The complete dataset used for training and testing the Gesture Recognition component of the system is available at [68]. It contains 5 gesture classes with 8000–10,000 samples per class. This allows for comparison between methods requiring large datasets and those which only require small datasets. Because there are currently no large publicly available datasets for 2d vision only hand gesture recognition this will be an excellent opportunity for comparison work. Existing datasets of gestures for 2d vision are often too small [19, 20, 32, 36, 60, 92], publically unavailable [6, 22, 23, 26, 47, 56, 89, 95, 98], or are only designed for hand detection and not gesture recognition [77]. The datasets in [77] lack pose annotations for different classes and cannot be used without further annotation.

The dataset used for testing the hand tracking component of the extended system is available at [69]. This dataset has 19 annotated videos from 5 different users. The dataset corresponds to roughly 20,000 sequentially annotated frames indicating the general location of a user’s hand and the amount of visible extended fingertips. This dataset will be a welcome addition to the research community for comparative work, especially since there are very few such datasets available for the context of hand tracking in 2D video.

6 Conclusion

A real-time static hand gesture recognition system was presented for user interface applications. The system achieves great low positive results comparable to high performing CNNs, with true positive results that are more than sufficient for use in live real-time applications.

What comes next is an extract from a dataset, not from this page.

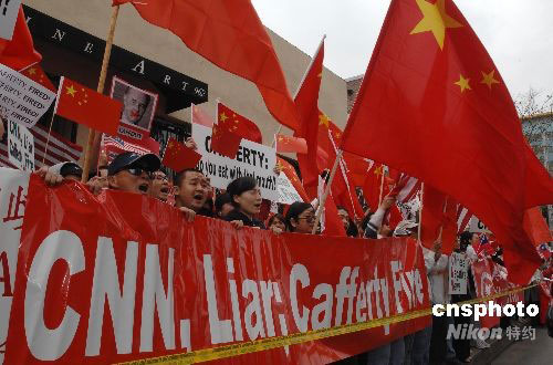 當(dāng)?shù)貢r(shí)間4月19日,洛杉磯爆發(fā)十幾年來最大規(guī)模的華人華僑抗議示威活動。數(shù)千名華人華僑和留學(xué)生在CNN洛杉磯分部門前參加和平示威,要求CNN向公開鄭重道歉,并開除卡弗蒂。除了中國大陸籍華人華僑外,很多來自越、柬、寮和印尼等國的旅美華人華僑、香港和臺灣籍僑民和留學(xué)生也加入到抗議隊(duì)伍中。中新社發(fā) 張煒 攝
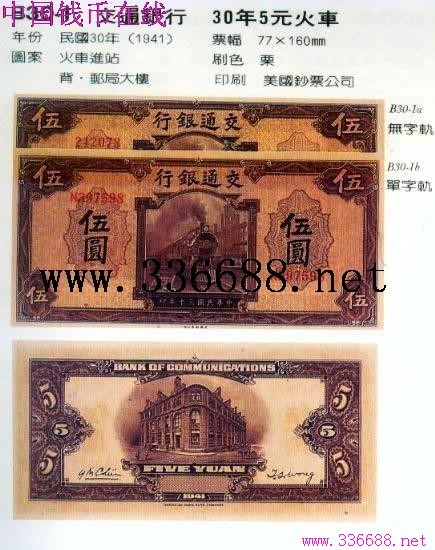 交通银行   30年5元火车

The system achieves these results at a fraction of the computational cost of high performing CNNs in a CPU only 2D video context without depending on GPU-acceleration. The system was extended to include robust hand tracking and a variety of prototype user interface applications are presented to prove the usability of the system as a UI. We believe this system is an important milestone in 2D video only static hand gesture recognition and tracking for low cost hardware. The proven UI applications demonstrate its practicality for user control input, especially with low cost hardware, which can be investigated in future work. Furthermore the two datasets that were produced represent a major contribution to the state of the art in an area that has thus far had a lack of publically available datasets and comparative testing methods. The publically available datasets will allow for comparative work to be done for 2D video only static hand gesture recognition and hand tracking thus enabling further progress and innovation in the research area. Future work can involve improving the true positive rate for even more responsiveness, adding more gestures to the system, and exploring new applications with hand tracking.